Having worked on an AI-empowered product before, I found it took a lot of effort to win trust from users. When it comes to AI, users have high expectations to have a “natural” experience. What if your AI technology is not that smart?

In my opinion, the Smart Composer design represented very well the smart composing capability backed by AI. As a product designer, I’m curious about how the Gmail team approached this project, and the process they’ve been through to land on the final design direction.

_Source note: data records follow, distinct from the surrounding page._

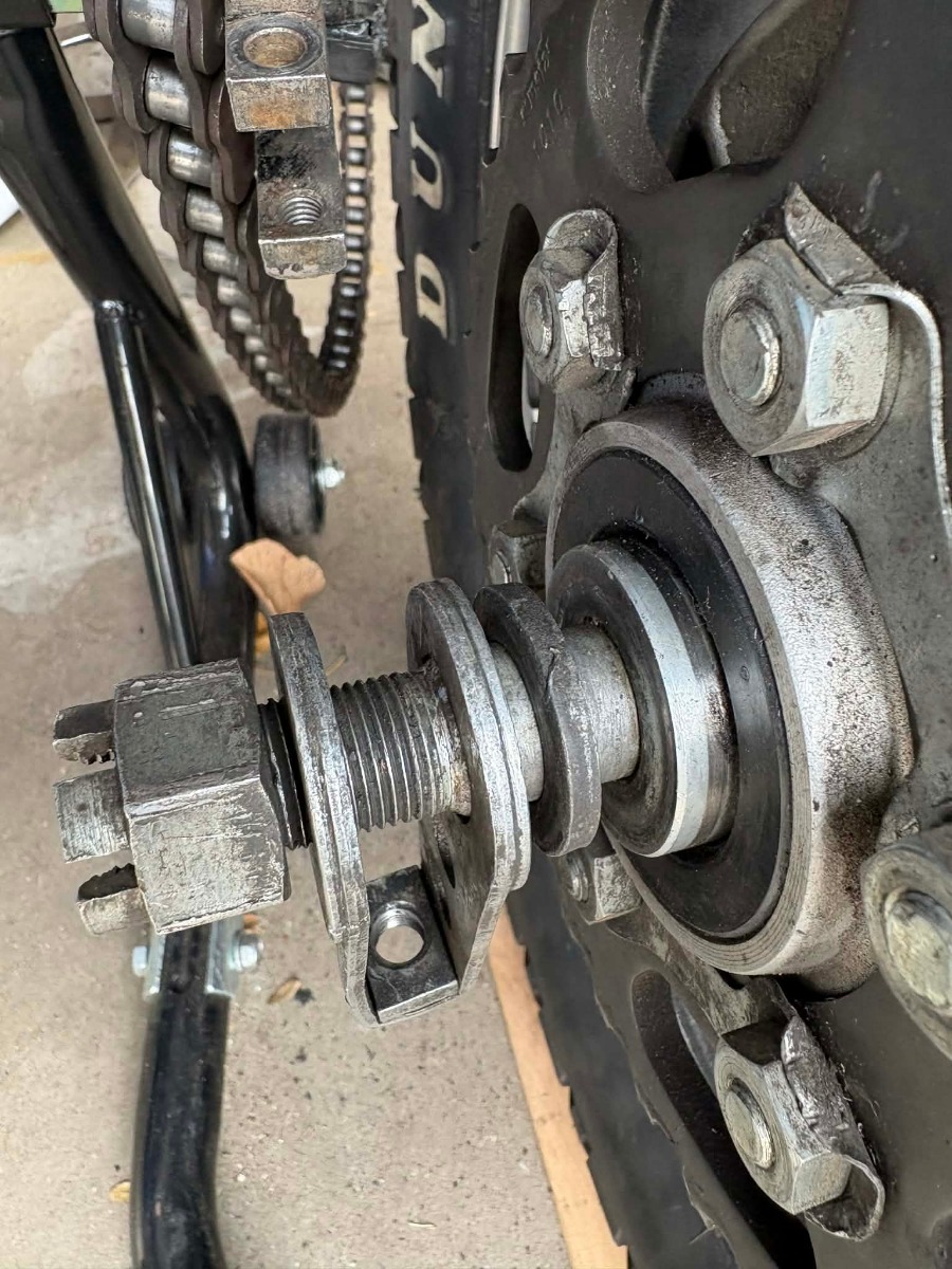 It felt impossible to get the wheel back on in this configuration, like there wasn't enough space between the swing arm's forks. So I wondered if the washer is actually supposed to go between the castle nut and the chain adjuster like so: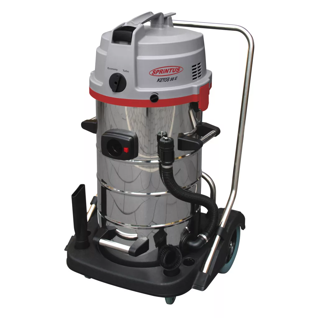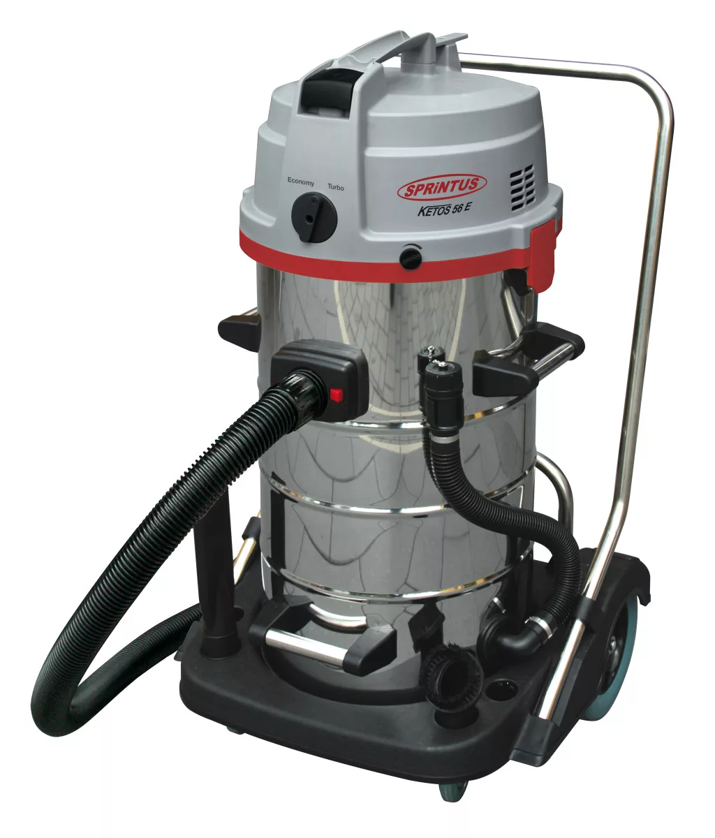 Ez az 55 literes rozsdamentes acél száraz/nedves porszívó az új Ketos termékcsaládunkból erővel teli. A sorba kapcsolt nagy teljesítményű motorok 300 mbar szívóteljesítményt érnek el 70 liter/másodperc térfogatáram mellett motoronként.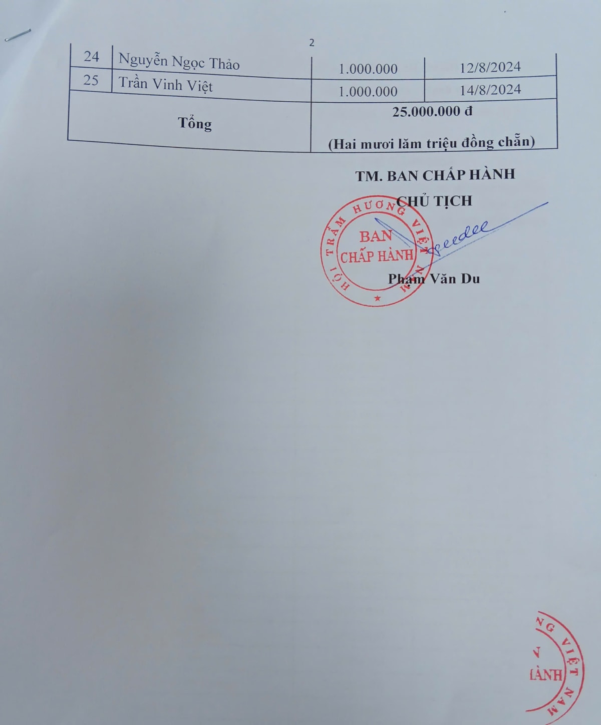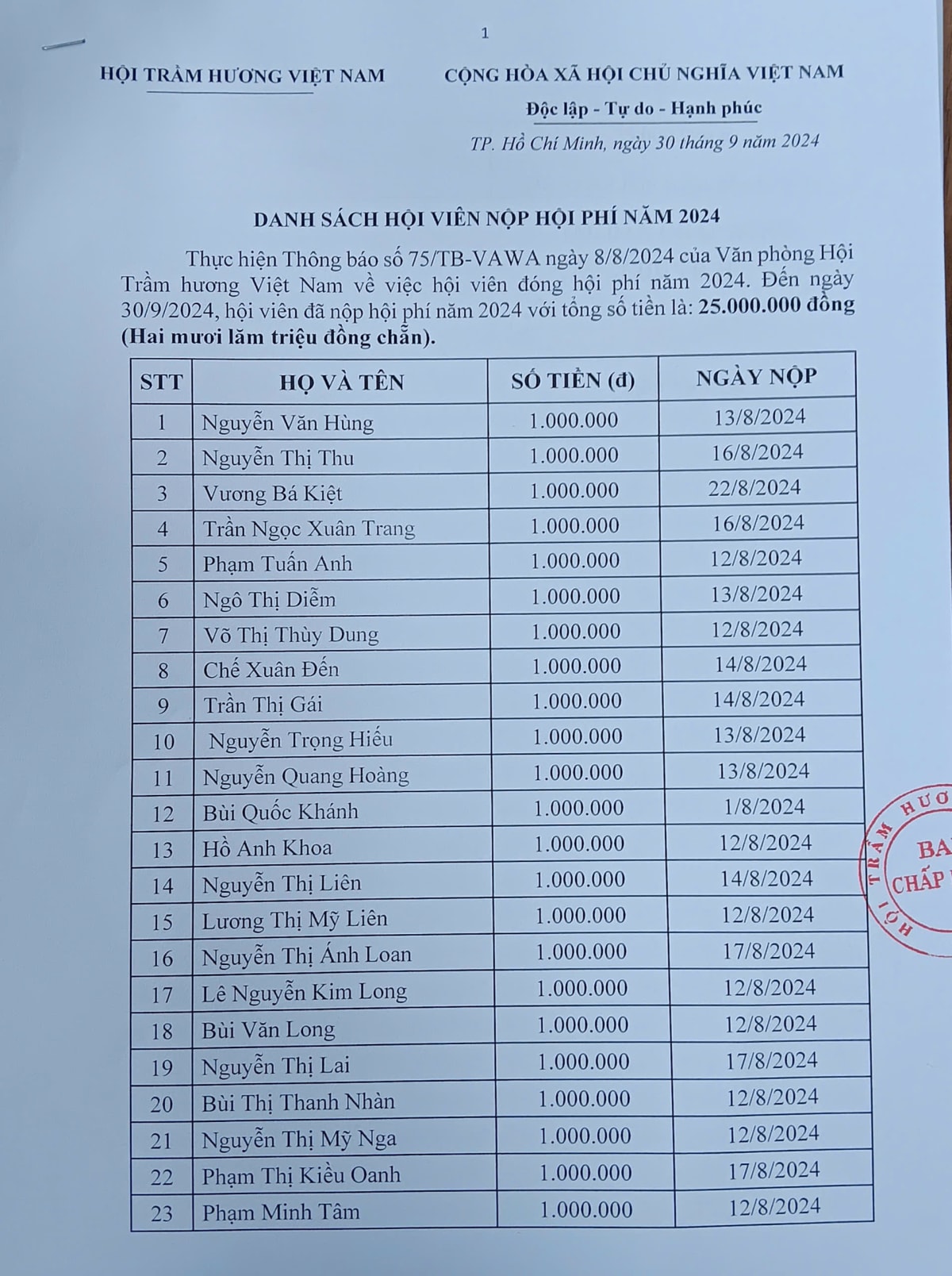 Thông báo danh sách hội viên nộp quỹ hội năm 2024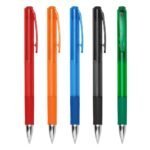 Caneta plastica translucida colorida com detalhe inferior emborrachado. Aciona por clique e e destravado pressionando a parte inferior do clip.
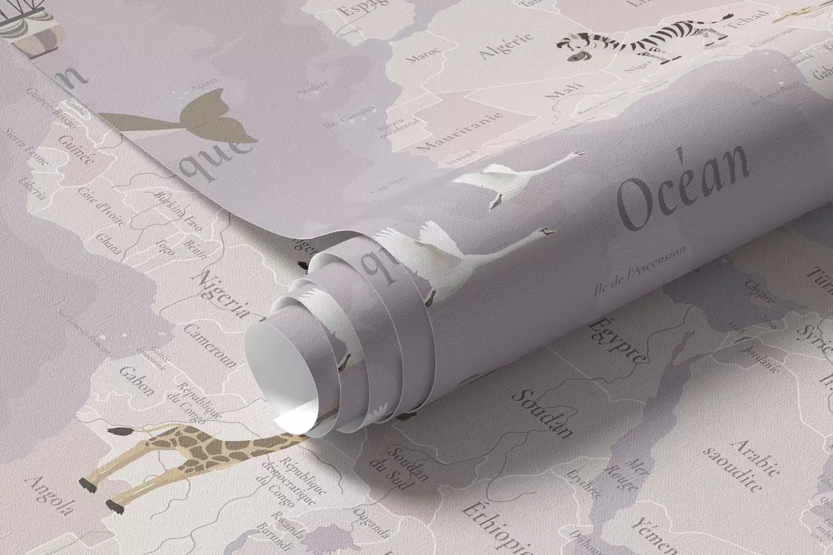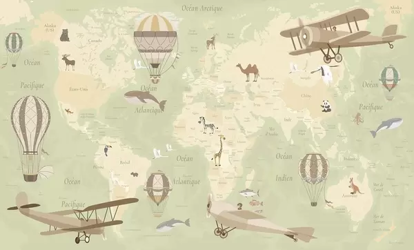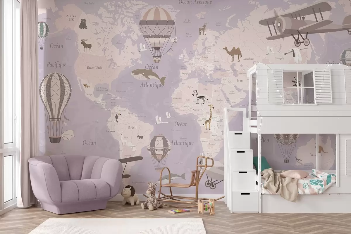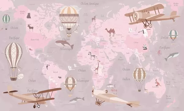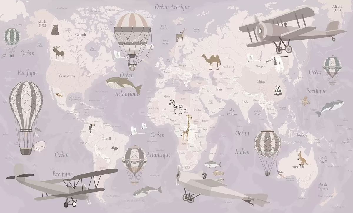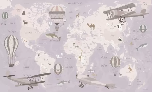 Children's world map with animals, airplanes, and hot air balloons. French language. Purple color - Wall mural (No. c00003frv4)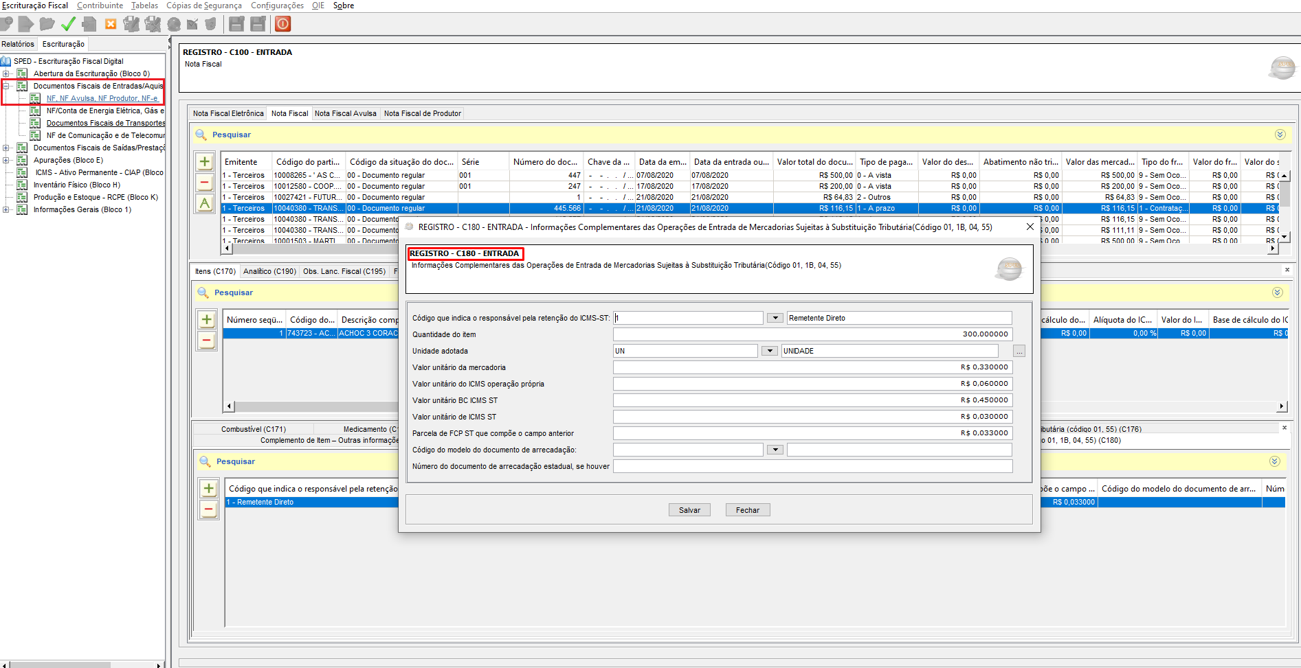 Abaixo segue um exemplo da tela de consulta do registro C180 no validador do Sped Fiscal.

The Gmail team shipped Smart Composer following this formula:

  • Understand user problems
  • Define success
  • Iterations: Design -> Build -> Evaluate

Understand user problems

It all started from a problem: “How could we help people reduce time in emailing?” because:

  • Email is time consuming.
  • Professional writing is hard.

Smart Compose was not built in a day, or was even built in the first phase. The team started with a smaller project: Smart Reply. It is a quick and easy way for users to save time for short replies. Users could go with the suggested replies, or use them as a starter. 

Define Success

Once the team saw the usage of Smart Replies soar, they started working on Smart Compose.

The team sets Satisfaction Rate as their success metric. They wanted happy users. Only keeping a high bar can they achieve that.

Their initial test got a 40% satisfaction rate. This was far away from the team’s expectation. They’ve done some work and v2 bumped it to 70%. However, it was not until v3 with 80% satisfaction rate did they feel comfortable to release the feature. From there, happy users could help Smart Composer be smarter.

Iterations: Design -> Build -> Evaluate

Since people have high expectations for AI, the team started from “what’s the cheapest thing to create something magic?” and work their way up. The speakers went through a number of design directions they did and tested, and shared some really good learnings:

  • The team discovered biases from the suggestions Gmail made, so they started paying attention to reducing bias and increase fairness.
  • Outliers are guaranteed. The team approached this project in a conservative, and defensive manner, such as avoiding sensitive topics.
  • It’s not for everyone. They acknowledge the fact that not everyone likes to have AI compose emails, so they let users turn off the functionality if needed. 

The team’s take aways:

  • Maximize impact: On by default. Toothbrush journeys.
  • A shared philosophy around product development process is important.
  • With ML features, UI can be only a fraction of the UX.